103番目

《退屈な仕事》

 書店の仕事で一番退屈な仕事は、 「検品」 ではないだろうか。

 仕入れ伝票が間違っていることは、 そう多くあるはずがない。 多かったら大問題である。 合ってて当たり前の伝票に間違いがあることを探すのが 「検品」 である。 冊数、 本体価格を照合していく作業は、 その量が多くなればなるほどイヤになってくる。 伝票が間違いだらけだとやる気も起きるのだけど、 全部合っていたら、 なんだよ別に検品なんてしなくてもよかったじゃないか、 と思ってしまう。 これが何日も続くと、 検品せずにポーンとハンコをついてしまう。 してもしなくても同じだから。
 あなたの店はどうしています、 この検品。 していないというところは、 ないでしょうが、 結構いいかげんなところはあるのではないでしょうか。 以前は手書き伝票が主流だったので結構記入ミスはあったのだけれど、 最近は機械が管理しているので記入ミスは多くないと思うけど、 コンピュータならではのミス、 いわゆる登録ミスによる間違いがあるのではないかと思う。 この間違い探し一生懸命やってますか。

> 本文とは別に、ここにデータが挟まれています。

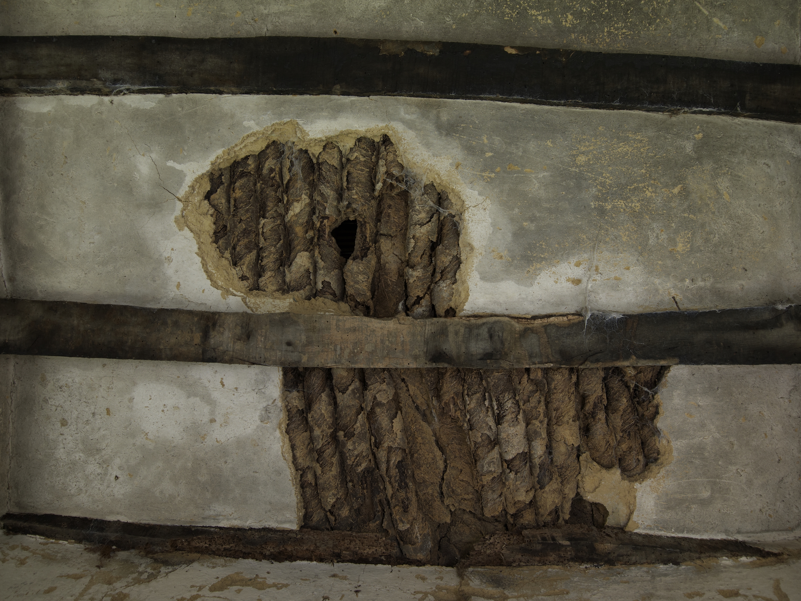 Plouaret, Guilquin : logis est (B), solives, remplissage avec des quenouilles (cylindres constitués de baguettes de châtaignier, de terre et de foin), enduites et blanchies au lait de chauxImmatriculation

 「伝票は金だ」 ということは、 商売人が何をおいても記憶しておかねばならないことだから、 社長や店長に、 耳が痛くなるくらい聞かされてイヤになっているだろうから、 しつこく言わないけど、 あなたがどこかのお店に行って買い物をするとき、 ものの値段と支払った額、 そしてつり銭なんかをきちっと見ていると思うけど、 検品というのは、 それと同じこと。 ただ現金じゃなく伝票を使っているところが違うだけだ。 1000円のものを買ったら2000円ですと言われたらムカッとするでしょう。 それはあなたが、 きちんと買ったものを検品しているからわかったことで、 値段も見ずに買ったらたとえ2000円と言われても2000円を支払ったはずです。 まぁ 「検品」 というのは、 お店が損をしないために必ずしなくてはならない重要な仕事なのです。 退屈だけど。